In Saudi Arabia, oil and oil products account for 79 percent of the country’s exports; roughly 87 percent of Saudi Arabia’s budget comes from oil revenues. In 2018, Saudi Arabia had a budget deficit of 4.6 percent of its GDP, a significant improvement compared to 2017 when, due to better oil prices and the effects of structural reforms that impacted the government’s balance positively, the deficit was 9.3 percent of its GDP. However, Saudi Finance Minister Mohammed al-Jadaan said in October 2019 that the kingdom’s 2020 budget deficit would increase to 6.5 percent of its GDP (around $50 billion) due to the lower oil prices. The government, as a result, will not be able to invest as much in its economy or continue its efforts to develop a nonhydrocarbon economy. Moreover, while the kingdom seeks “to accelerate economic diversification . . . progress will be constrained by the slow pace of reform and labour market shortcomings,” according to the Economist Intelligence Unit.

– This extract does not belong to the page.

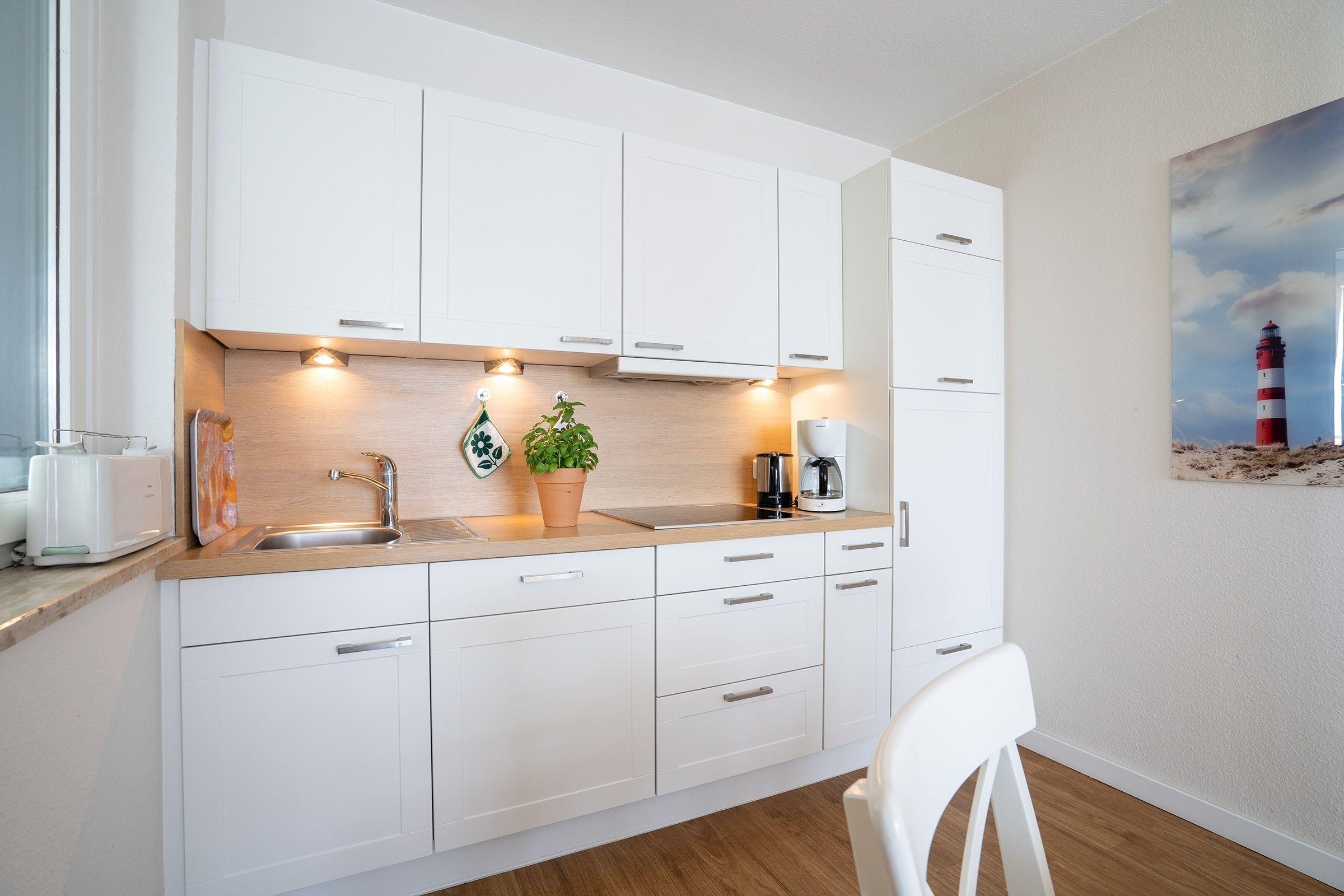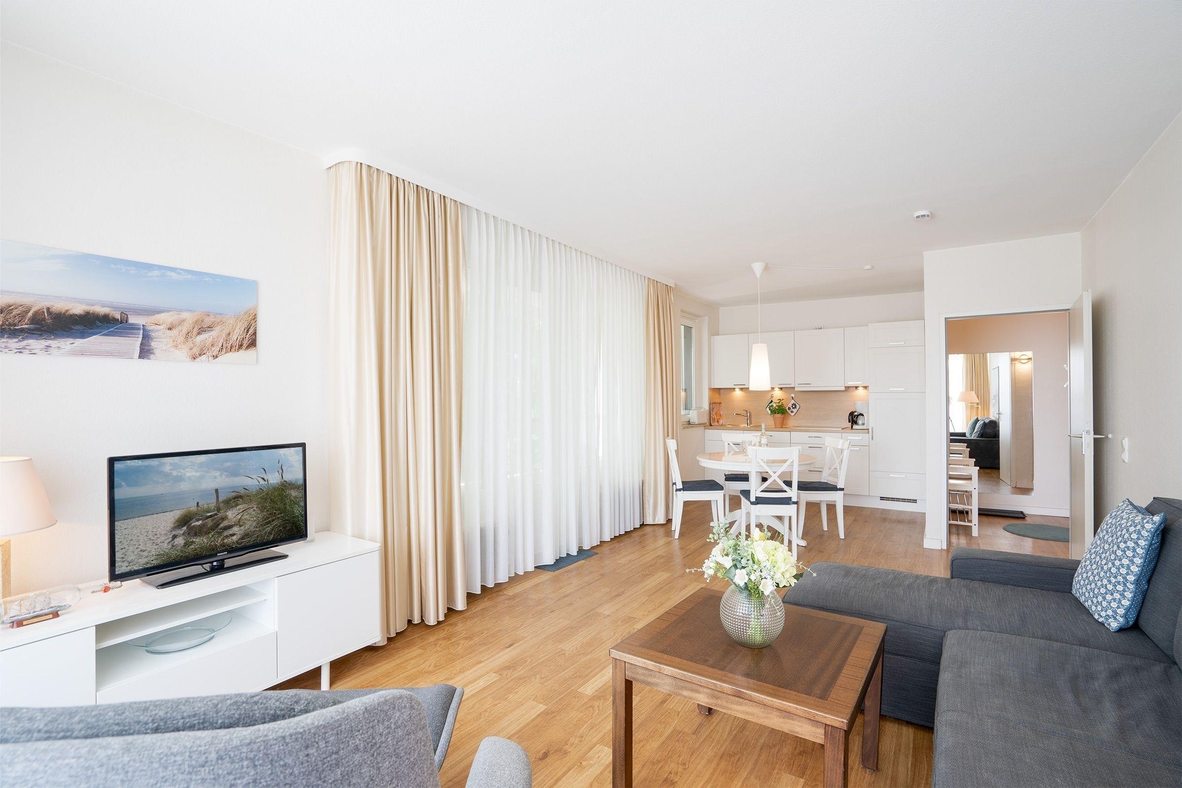 Auf einer Wohnfläche von ca. 54 m² begrüßt Sie diese gemütliche 2-Zimmer-Ferienwohnung mit offenem Wohn-/Schlafbereich und integrierter Küche, Duschbad, separatem Schlafzimmer und Balkon mit seitlichem Meerblick nur wenige Meter von der Ostsee entfernt. Bis zu 2 Erwachsene und 1 Kind finden hier bequem Platz.

The UAE has succeeded in decreasing its dependence on oil and gas. In 2017, oil and gas products made up 40 percent of the country’s exports and the oil and gas sector accounted for close to 30 percent of the UAE’s GDP. After 2014, the UAE adjusted to lower oil prices and decreased its overall expenditure. The Emirati government pushed for fiscal consolidation, as demonstrated by the 2018 merger of the Abu Dhabi Investment Council and Mubadala Investment Company, which boosted Mubadala’s assets to more than $225 billion. In 2017, National Bank of Abu Dhabi and First Gulf Bank formed the First Abu Dhabi Bank, which, with around $190.3 billion in assets, became the largest lender in the country.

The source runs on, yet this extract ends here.